两名边防修士快步冲过来,一左一右架住他:“江指挥,我们送您去指挥所!”
江俊龙没吭声,任由两人搀着起身。双腿发软,靴子踩在血冰混杂的地面上滑了一下,他咬牙绷住腰杆,硬是没倒。红色运动外套的袖口撕裂一角,露出腕上暴起的青筋,他抬眼最后扫了一眼北方——林边积雪还在微微起伏,底下像有什么东西在缓慢爬行。
三人顺着斜坡往下走,百米外的铁皮哨塔门口,赵铁山正站在那里。
老科长拄着金属拐杖,左腿义肢砸在冻土上,发出沉闷的磕碰声。他脸上难得松快,眉头舒展,甚至带了点笑意,见江俊龙被扶过来,抬手重重拍了拍他的肩:“干得好,小江。这次守住了,损失不大。”
江俊龙没接话。
他猛地挣开两侧搀扶,踉跄一步,径直掀开门帘钻进指挥所。屋内是几张拼起来的金属桌,墙上挂着战术地图与雷达屏,角落堆着备用晶石箱和破损的阵具,空气里飘着焦糊电路味与淡淡的血腥气。
他停在雷达屏前,瞳孔微缩,眼底一抹琉璃色光一闪而逝。
屏幕上,红外红点正像退潮般向北收缩,轨迹呈规整扇形,速度均匀,无溃散、无滞留、无个体脱队——这根本不是战败逃窜,是有序撤离。
监控员戴着耳机回头,低声汇报:“红外信号消失,声波探测器当前功率只覆盖三公里,外域抓不到有效回波。”
江俊龙目光钉在屏幕上,声音冷得发沉:“打得狠却不拼命,这不是野兽,是试探。”
赵铁山拄着拐杖走进来,在他身边站定,皱眉道:“什么意思?退了就是退了,你还想追出去打?”
“我不信它们就这么走了。”江俊龙转头,双眼布满血丝,却亮得吓人,“第二批刚乱就撤,第三批连面都没露,太干净了。凶兽从不会这么听话。”
“你是不是绷太紧了?”赵铁山叹口气,“刚才那波差点要你命,现在能站着都是奇迹。伊万诺维奇真有后手,犯不着这么硬撞防线。”
江俊龙没理他,直接看向监控员:“声波探测器最大功率多少?”
“十五公里全域扫描,但能耗极高,会掐断通讯、拖垮阵法供能,撑死两小时。”监控员顿了顿,“现在没异常,全开没必要。”
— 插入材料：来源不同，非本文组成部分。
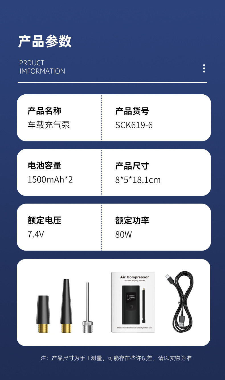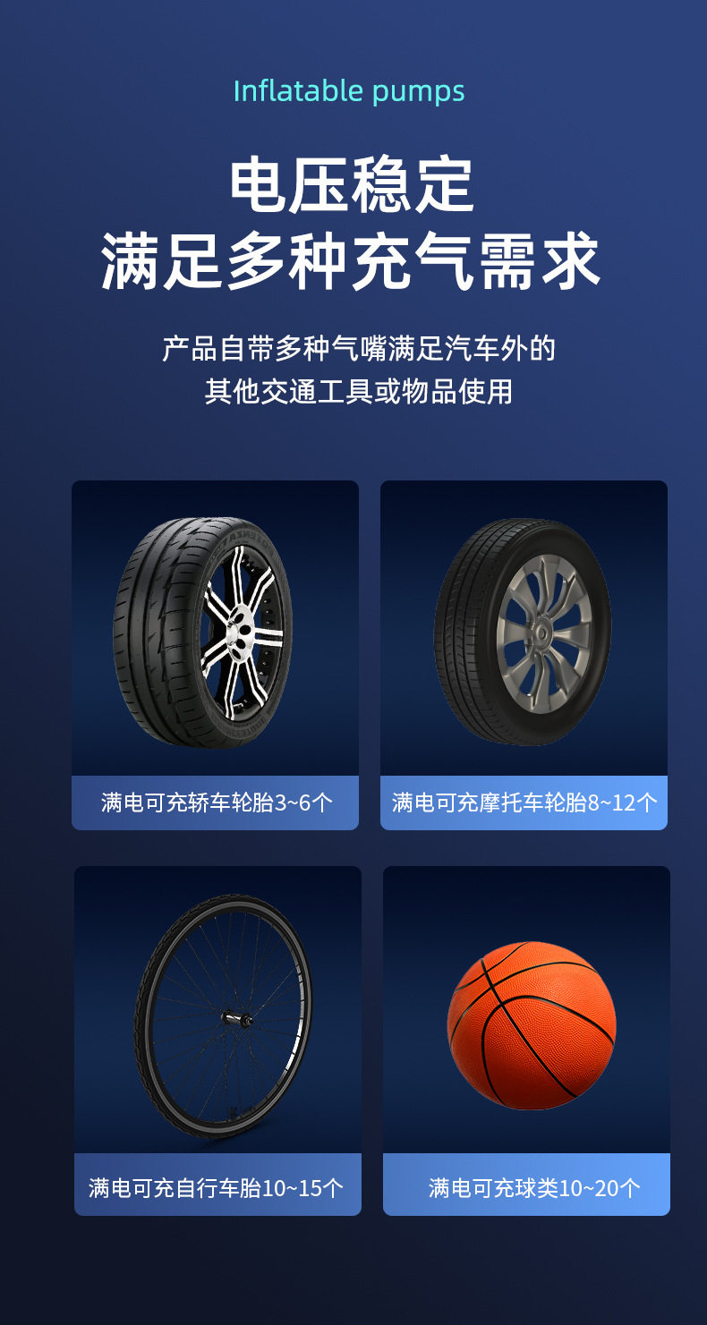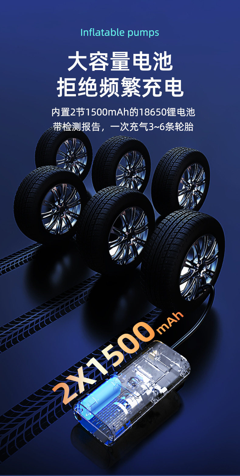 New cross-border air pump large battery capacity portable multifunctional handheld car wireless digital display car air pump

“执行命令。”江俊龙语气斩钉截铁,“功率拉满——我要确认,它们是真走了,还是藏起来了。”
监控员手一顿,悬在旋钮上没动。
赵铁山伸手按住他肩,转向江俊龙,声音压得更低:“小江,我知道你警觉。可弟兄们刚喘口气,设备也伤得重,你把能源抽干,真再来一波,我们拿什么挡?”
“如果它们根本没走呢?”江俊龙字字如刀,“如果这只是第一步?如果我们以为赢了,其实正中圈套?”
“你是指挥官,不是赌徒!”赵铁山语气加重。
“我是最后一个看清它们路线的人。”江俊龙指了指屏幕,“你看这撤退弧度,三点一线收拢,像不像在给阵型腾地方?它们不是被打退,是被叫回去的。”
赵铁山沉默片刻,眼神复杂地看着眼前这个年轻人——他不怕死、不怕累、更不怕担责,可正因为这样,才最容易把自己逼到绝路。
“三十分钟。”他最终松口,“全开三十分钟,超时我亲自关机。”
“够了。”江俊龙点头。
“调频校准,宽域扫描,非核心通讯静默,阵法最低能耗待机,优先供探测系统。”
“明白。”
监控员推动旋钮,低频嗡鸣从地面传来,仪器指示灯由绿转黄再转红,雷达屏上一圈圈波纹向外扩散,灵气晶石储备以肉眼可见的速度往下掉。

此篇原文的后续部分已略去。